Quando Lauren depara-se com o tema de sua redação, Quem é você?, entra numa crise de identidade. Lauren está com 14 anos e foi adotada quando tinha três e não sabe nada sobre como sua família anterior e sobre sua adoção. Com o assunto levantado pela proposta da produção textual, ela começa a questionar-se sobre seu passado e seus verdadeiros pais. Assim, resolve fazer uma pesquisa na internet, chegando até um site de crianças desaparecidas. Nele, ela encontra uma foto de uma menina parecida com ela, Martha Lauren, que sumiu dois meses antes de sua adoção. Porém, essa criança sumiu nos Estados Unidos, e ela mora na Inglaterra.

As dúvidas irão atormentar Lauren, que vai atrás de respostas com seus pais adotivos, que acham que ela ainda é muito nova para saber de toda a verdade. Lauren não aceita e inicia um plano para ir atrás das respostas, de onde veio, por que foi dada para adoção e porque seus pais não querem que ela saiba sobre o assunto. 
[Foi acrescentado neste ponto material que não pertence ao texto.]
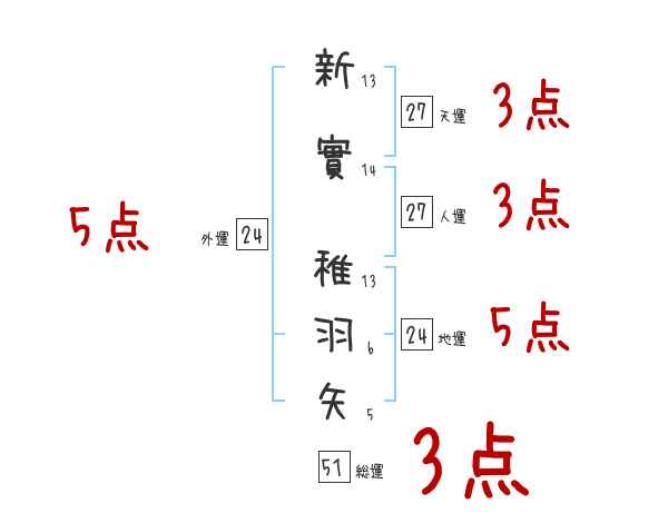 外運![]() | 新實稚羽矢さんの外運は24画の5つ星!家庭運が良く順調な人生。金運にも恵まれる。 生活面を象徴する運勢です。外部から受ける影響力を表し、結婚運、家庭運や職場、環境への順応性を表します。 |
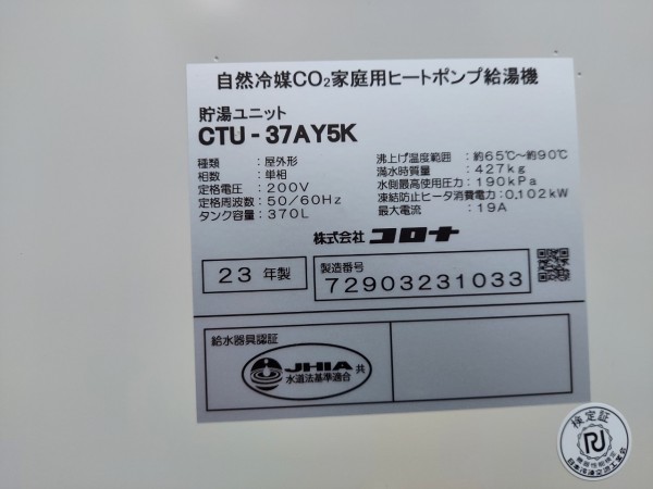 志摩市浜島町南張 コロナ自然冷媒CO2家庭用ヒートポンプ給湯機貯湯ユニットCTU-37AY5K エコキュート交換工事
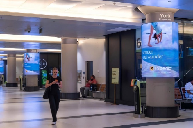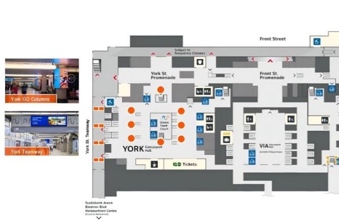 Union Station 是加拿大最大的铁路枢纽,也是多伦多最繁忙的交通中心,每天有数十万通勤和旅行人群经过。站点周边是金融区,聚集大量高收入的商务人士、白领和游客,广告受众消费能力强。地铁、火车、长途汽车及机场快线(UP Express)在此交汇,广告能够触达本地居民、跨城通勤者和国际旅客。电子广告屏设置在人流必经区域,乘客候车、换乘和通行时均可反复看到,增强品牌记忆。电子屏幕可播放视频、动画和动态图像,视觉冲击力强,更能吸引注意力。在加拿大地标性车站投放广告,有助于提升品牌国际化和权威形象。
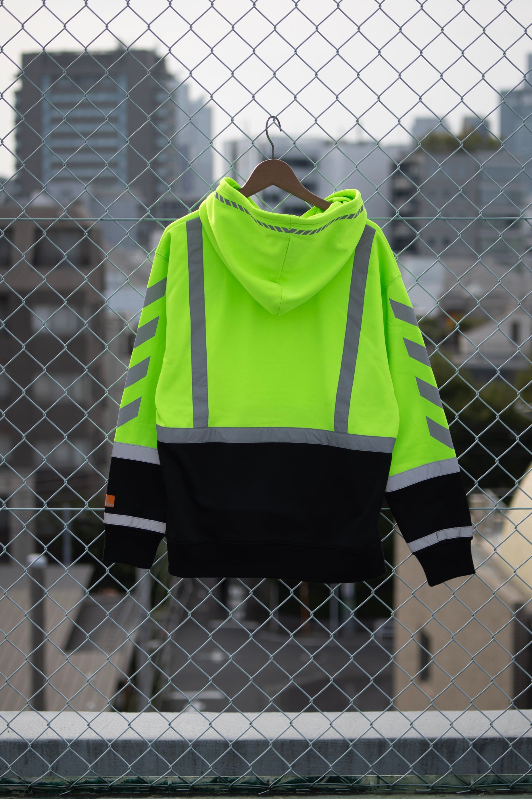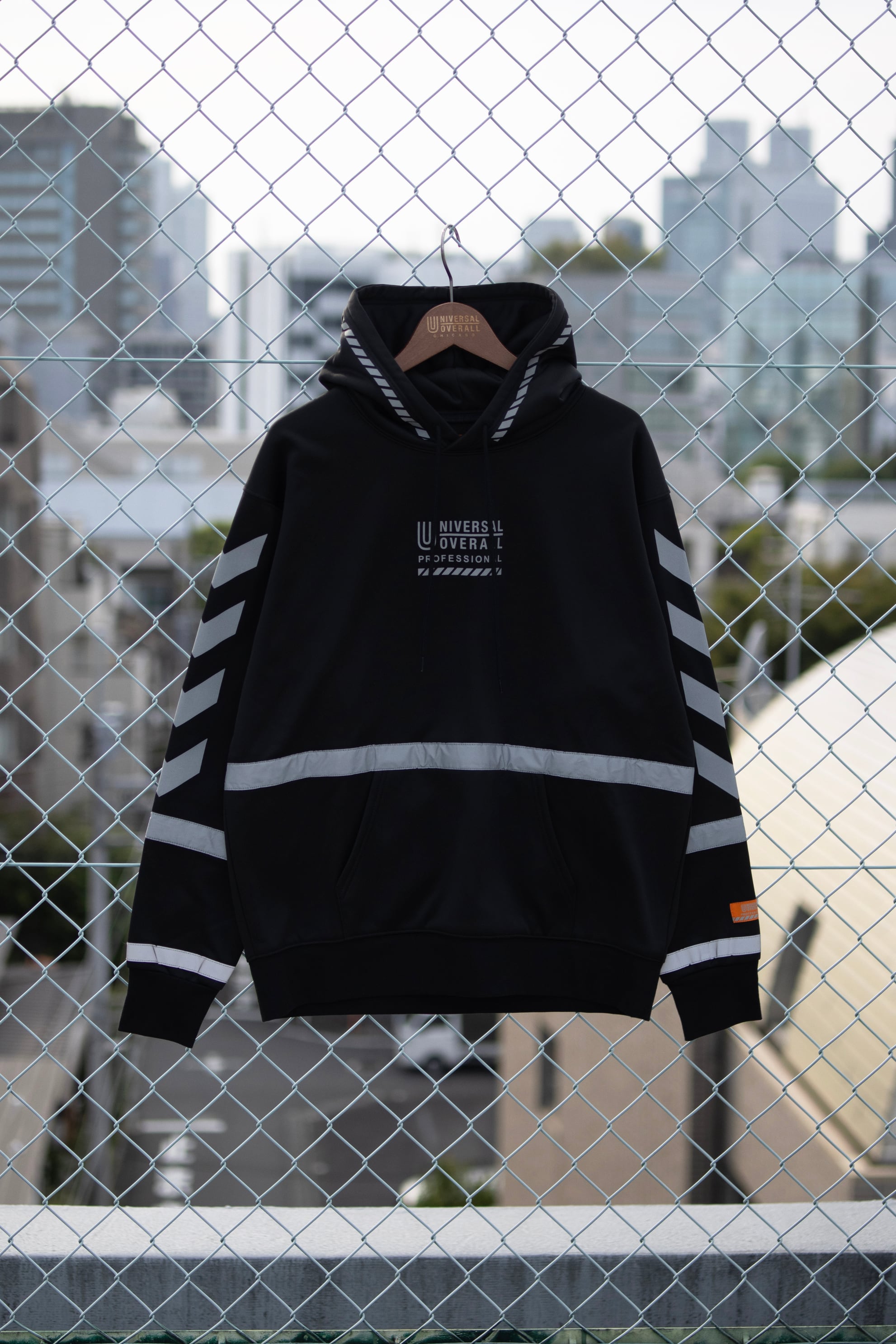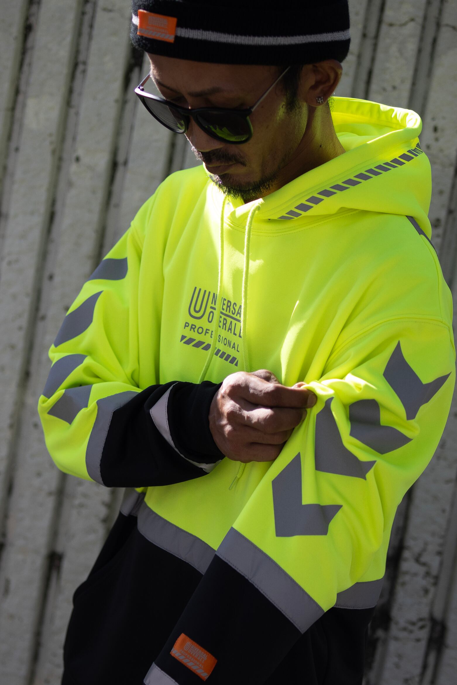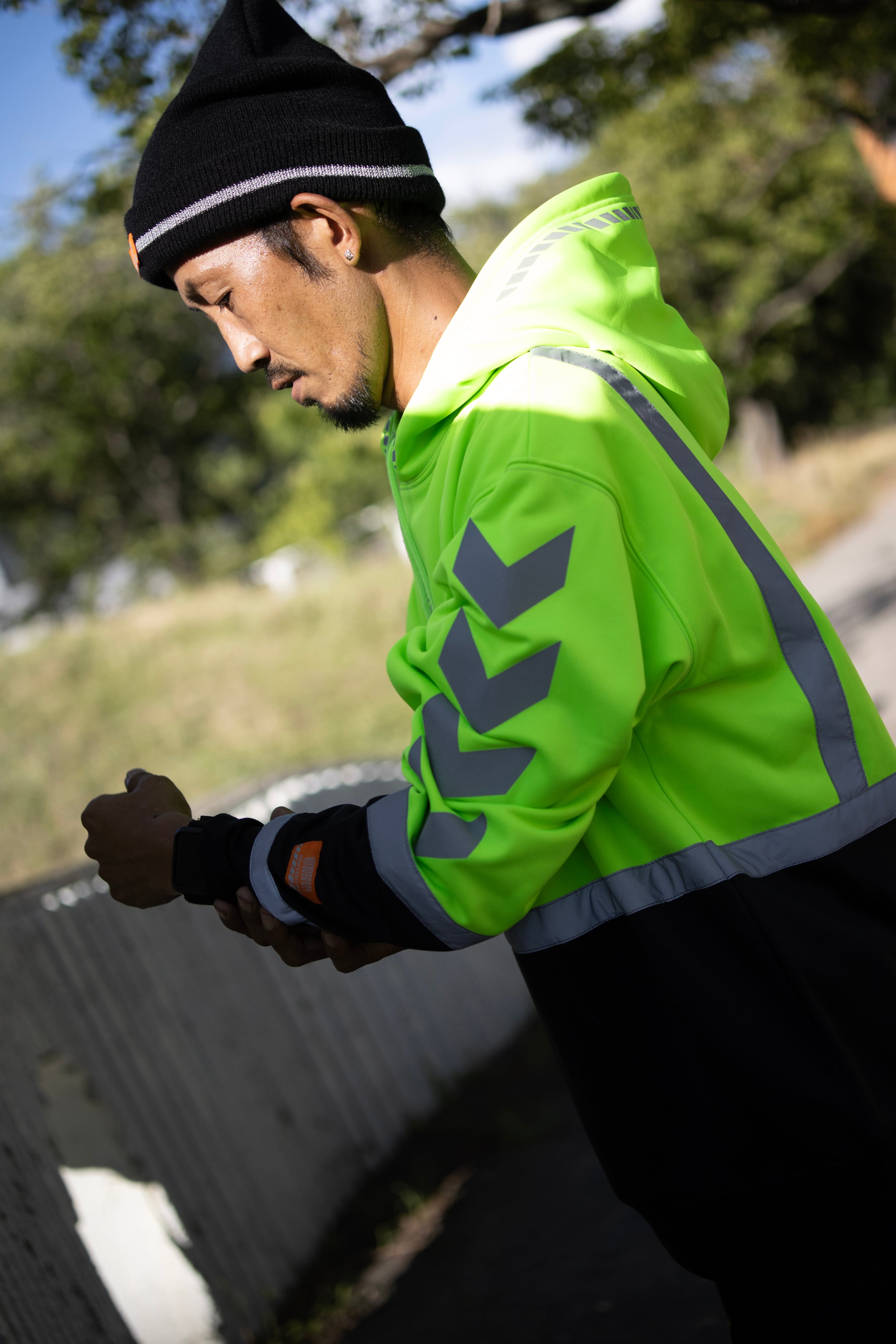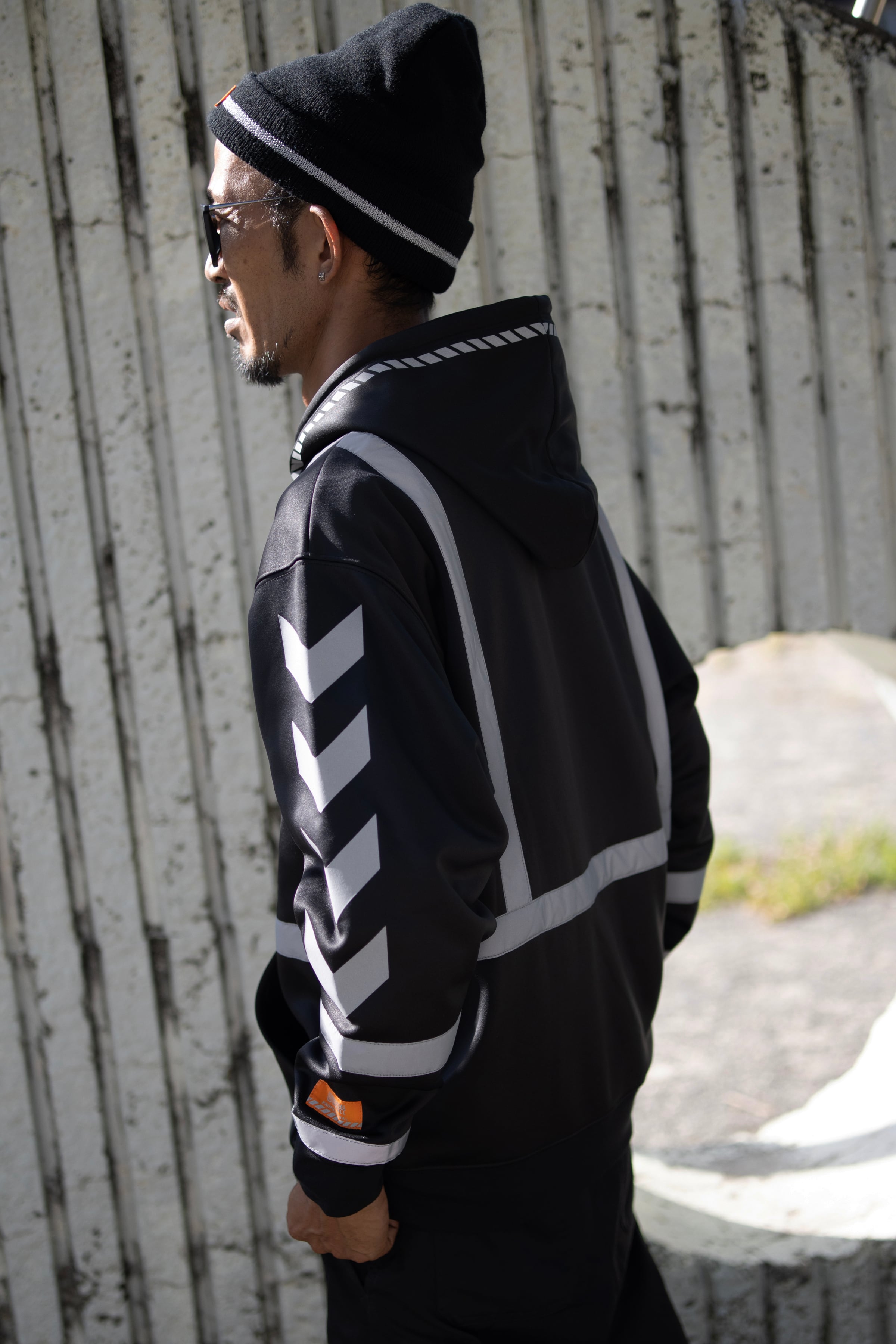 フード周りに施されたバリケード柄リフレクタープリント、両腕の矢印プリント、そして胸元のロゴまでもがリフレクター仕様。さらに中央・袖口・背面にはリフレクターテープを配置し、360度どの角度からも光を受ければ反射する高い視認性を実現しました。

Com ajuda de seu melhor amigo, Jam, Lauren “enrola” sua mãe para assim mexer nos diários dela. Desta forma, ela descobre que foi adotada nos EUA, o que faz com que suas suspeitas de ser a menina da foto só aumentem. Com isso, outro plano entra em ação, e ela convence aos pais a saírem de férias para os estados unidos, para que ela possa investigar o lugar onde sua adoção foi concretizada.
  
Lauren e Jam serão surpreendidos pelos acontecimentos, e o que era para ser uma simples investigação vira uma perigosa busca pela verdade.


O livro não cumpre o que promete e está longe de ser um suspense. A trama tinha tudo para ser interessante e envolvente, porém não passou de um infantojuvenil inverossímil e superficial. O sequestro e o desaparecimento de crianças são assuntos muito sérios e graves, muitas pessoas não têm ideia de como é passar por isso ou do porquê de outras roubarem crianças. Tudo isso poderia ter sido explorado com amis profundidade na história.

Os pais adotivos, apesar de sabermos o motivo que os levaram a adoção, são pouco explorados; os pais verdadeiros ganharam um pouco mais de destaque, mas o sofrimento que eles viveram com os anos de desaparecimento poderia ter sido mais evidenciado e os “vilões” mal aparecem, dando um único motivo para o ocorrido.

A pesar das minhas ressalvas, a narrativa é leve e fluida. Por ser contata em primeira pessoa, em alguns momentos, consegui sentir a angústia e o sofrimento de Lauren, contudo, a protagonista é extremamente teimosa, infantil, impulsiva e indecisa. O que me deixou irritada em alguns momentos. Nem mesmo, Jam, que era para ser um porto amigo e um mediador das atitudes da amiga, não cumpriu seu objetivo nem me conquistou. Os amigos, com apenas 14 anos, fazem coisas inacreditáveis, como entrar sozinhos em um avião e invadir uma agência de adoção no meio da madrugada. O romance que surge no livro é completamente desnecessário e sem graça.


Alguns fatos levantados sobre o sequestro de crianças foram levantados, e vi-me, em dois momentos, afita e angustiada com os questionamentos feitos pelas personagens. Consegui, como mãe, ver-me naquela situação e entender o sofrimento da mãe que teve sua filha roubada.

Garota Desaparecida não é um livro surpreendente nem profundo sobre o assunto, mas consegue transmitir a mensagem de que o problema é maior e mais grave do que imaginamos.